The problematic aspect of recipes is that they explain the process of cooking something by enumerating chefs’ steps, given their experience, personal preference, and culinary knowledge. This cooking process is inherently subjective, and it’s even extremely hard for humans not trained in culinary techniques to pick up the nuances and intentions behind the chef’s reasoning. Some steps may be there for texture or the final product to elicit a certain feeling or memory. None of that is usually apparent to the recipe’s reader, it can only be felt after tasting.
It also has a mathematical aspect to it. Quantities of ingredients have a special meaning, and different recipes will call for various amounts of the same ingredient in the same context to achieve diverse effects. One easy example is mixing butter and flour to thicken a sauce or to make a roux.
Given that the technology understands the statistical properties of the text but not the underlying mathematical context, generated recipes will have two major flaws:
- Quantities of ingredients may look real but not necessarily make sense for the recipe.
- Steps involved may work but not follow the right rationale for the recipe.
These flaws match what I observed in the recipes my platform generated, and it summarizes the critiques that multiple chefs do over the Chat-GPT-generated recipes they tested.
It would take an overfit GPT to generate something great by replicating one of the training examples and thus be mere plagiarism.
Where is it Safe to Use GPT, and Where Not?
GPT carries the great promise of unlimited content generation, but as we saw, we can’t trust this content. Still, GPT is a great technology that’s helpful for many uses. In general, as long as your text doesn’t have to be accurate or have a complex logic behind it, you should be alright; this includes the following applications:
- Creative ideas generation. Humans also get creative by combining previously existing ideas in novel ways. GPT will excel at this task.
- Simple Q&A and trivia. With the understanding that not all content might be true.
- Simple chatbots. For example, support service centers can usually help their customers find answers without human intervention.
- Simple translation and grammar-checking tasks.

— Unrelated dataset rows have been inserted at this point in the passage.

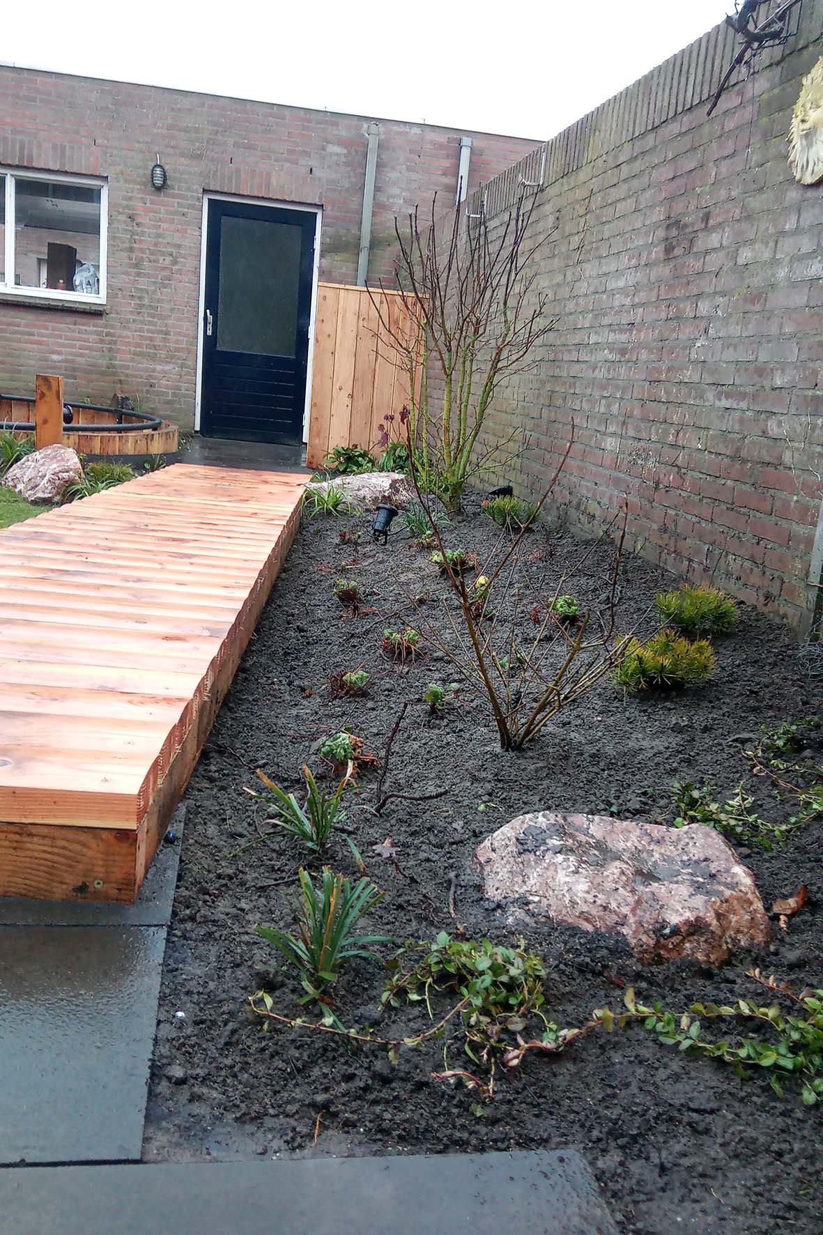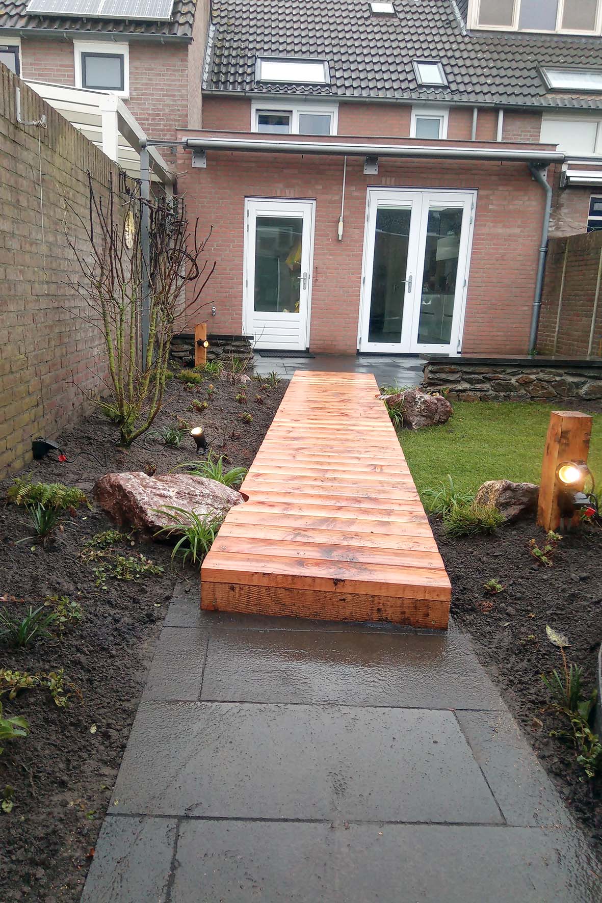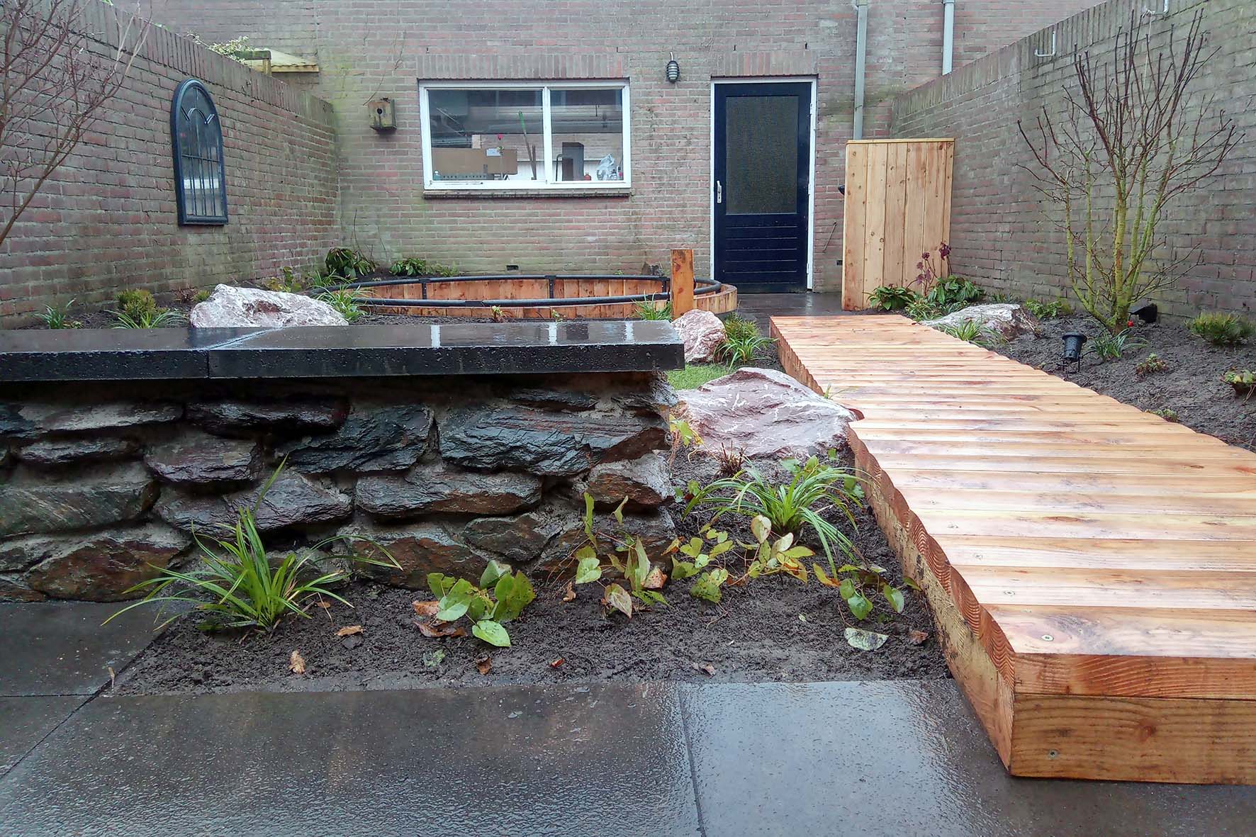 In deze achtertuin in Waalwijk is een tuin gemaakt met stoere materialen. Een trampoline moest in de tuin geplaatst worden voor de kinderen. Deze is verzonken aangebracht, waarbij de beschoeiing is gemaakt van Dougals balken. Wanneer de trampoline niet meer nodig is, dan kan deze ruimte met een kleine ingreep gebruikt worden voor een verdiept terras. Tegen het huis is het terras gemaakt van Schellevis tegels (80×40 cm). Natuurstenen muren zorgen voor dieptewerking in de tuin en hiermee worden tevens extra zitplaatsen gecreĆ«erd. Vanaf het terras naar achteren is een vlonder gemaakt Douglas balken, als brug over het gras en de beplanting.
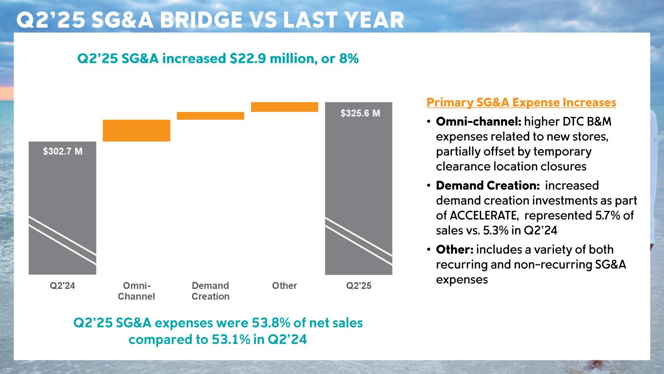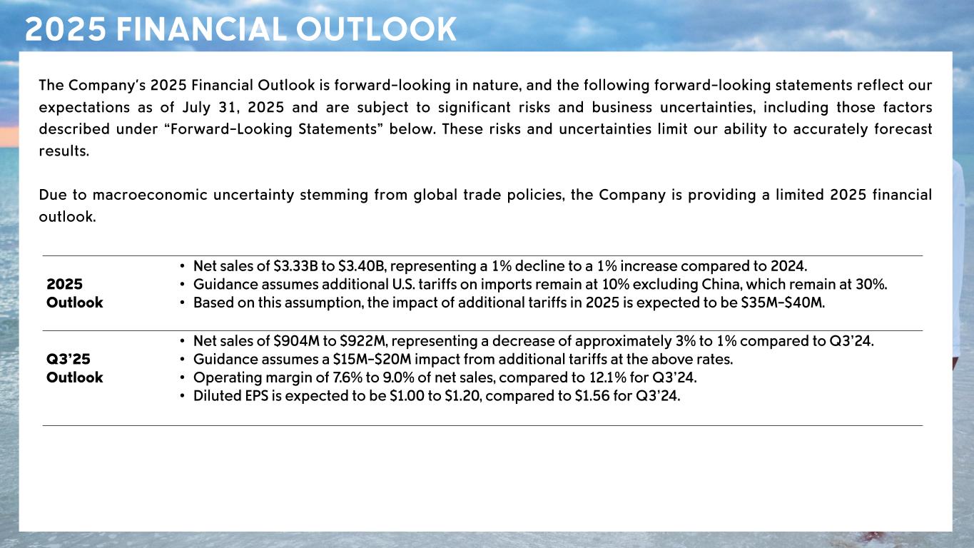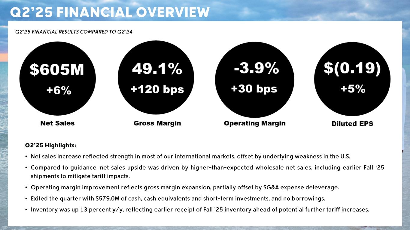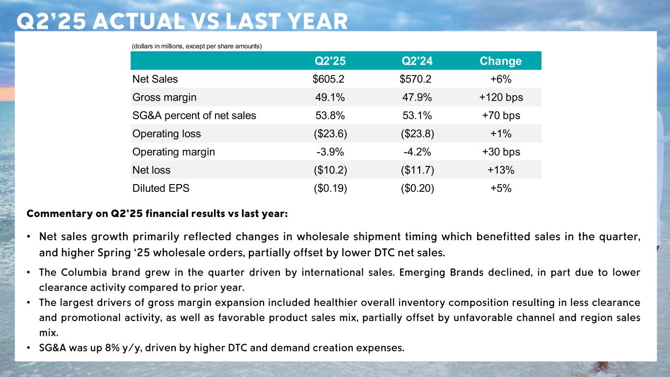 • • • • (dollars in millions, except per share amounts) Q2'25 Q2'24 Change Net Sales $605.2 $570.2 +6% Gross margin 49.1% 47.9% +120 bps SG&A percent of net sales 53.8% 53.1% +70 bps Operating loss ($23.6) ($23.8) +1% Operating margin -3.9% -4.2% +30 bps Net loss ($10.2) ($11.7) +13% Diluted EPS ($0.19) ($0.20) +5%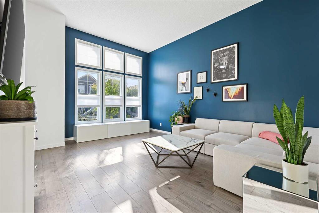 This stunning 2-storey home is a showstopper from the outside in, with charming curb appeal and low-maintenance landscaping featuring lush green turf, a flowing garden bed, and a serene bench area perfect for enjoying the neighborhood. Step inside and be immediately impressed by the soaring nearly 12-foot ceilings in the front living room, bathed in natural light from a large picture window that frames the outdoors. Custom feature walls and elegant wainscoting elevate the décor, giving this home a warm yet sophisticated feel. A few steps up, the main floor unfolds into a spacious dining area framed with glass railing, overlooking the living room and flowing seamlessly into the chef-inspired kitchen. Here you will find a bright quartz peninsula with waterfall edge, silgranite Blanco undermount sink, and striking two-tone cabinetry in crisp white and gunmetal blue. A matte white hex mosaic backsplash, crown molding, and wide Portland Grey laminate flooring add style and cohesion. The sleek stainless steel Samsung appliance package includes a glass-top electric convection range and a refrigerator with exterior water and ice dispenser – perfect for both everyday living and entertaining. Upstairs, discover three generous bedrooms including the primary retreat with a spa-like 3-piece ensuite featuring an oversized double shower with glass sliding doors and a spacious walk-in closet. Two additional bedrooms share a full 4-piece bath, and the convenient upper-level laundry with side-by-side washer/dryer adds function to form. Jayman BUILT’s Core Performance features are included for efficiency and peace of mind, such as a Navien tankless water heater, high-efficiency furnace, HRV system with timed moisture control, Kohler sinks and toilets, and Moen fixtures throughout. The unfinished basement offers incredible potential with soaring ceilings and roughed-in plumbing, ready for your future development plans. Step outside into your private backyard oasis, currently set up as a fully fenced outdoor entertainment area with bistro lights, a grassy section, and paving stones – perfect for summer gatherings. There’s even room for a future double detached garage if desired. Located in the award-winning lake community of Mahogany, you’ll enjoy four-season lake living, beaches, skating, restaurants, shops, and a vibrant urban-suburban lifestyle. This is more than a home – it’s a lifestyle upgrade.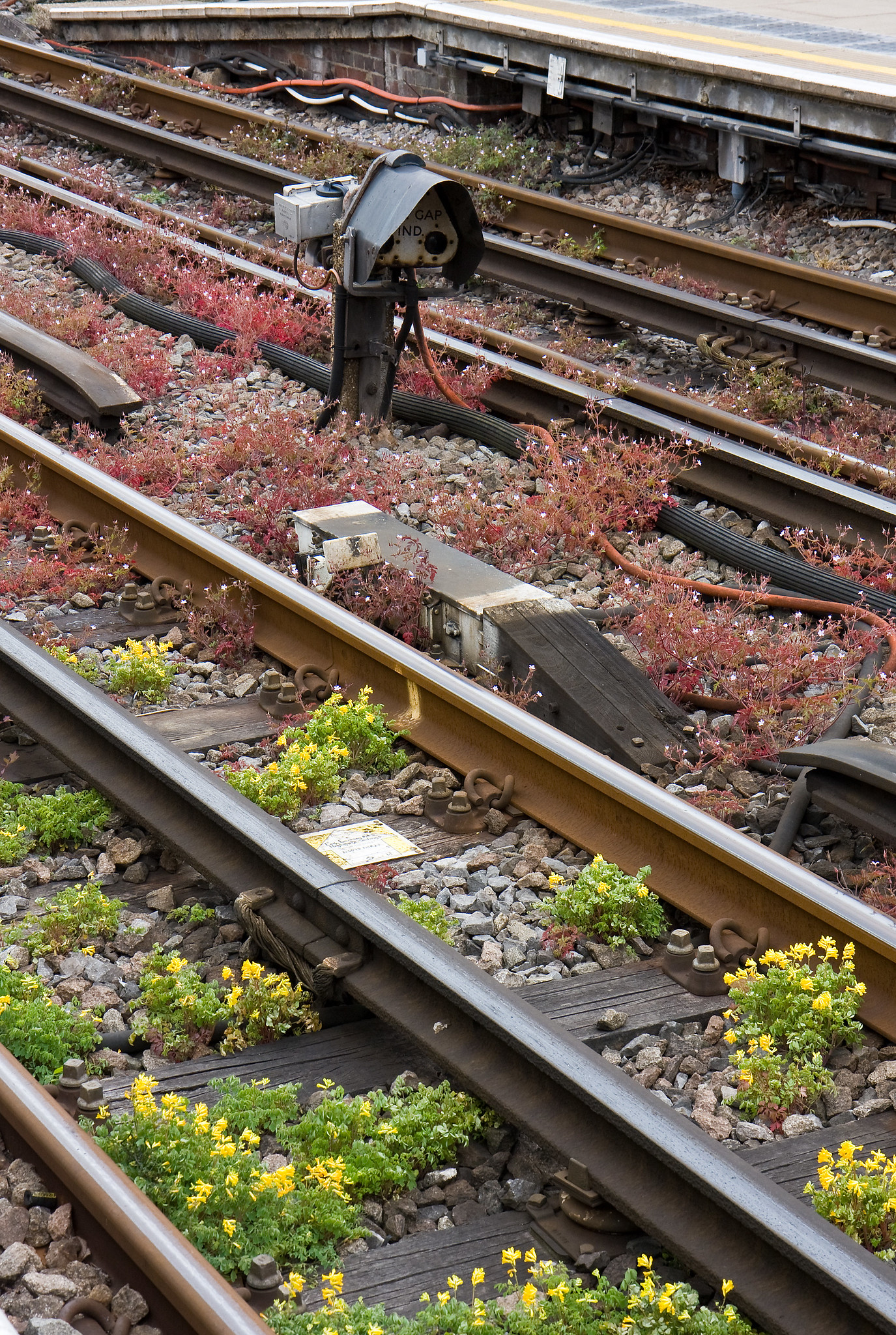 …And the item next to the running rail in the centre of the photo is a Tripcock Actuator. Its arm is raised when the signal is at danger and it will strike against a cock on the front of a passing train to automatically apply the brakes. The flowers are not helping with ‘k’s – they are Yellow Corydalis and Herb Robert.

- Template content generation.
In general, GPT can do OK in many other tasks, but sometimes the price of being wrong is too high, for example, getting a bad reputation for your business or even worse.
In Summary
GPT-3 and ChatGPT is an impressive machine learning model that enables many tools to empower creativity and can perform many natural language tasks very well. Even more impressive is that it can do this as a zero-shot, with its pretraining only. There are, however, many applications where it will not perform better or close to humans; these are in areas where the reasoning behind the structure of the text cannot be inferred directly from it, as in cooking recipes or areas that require scientific rigor.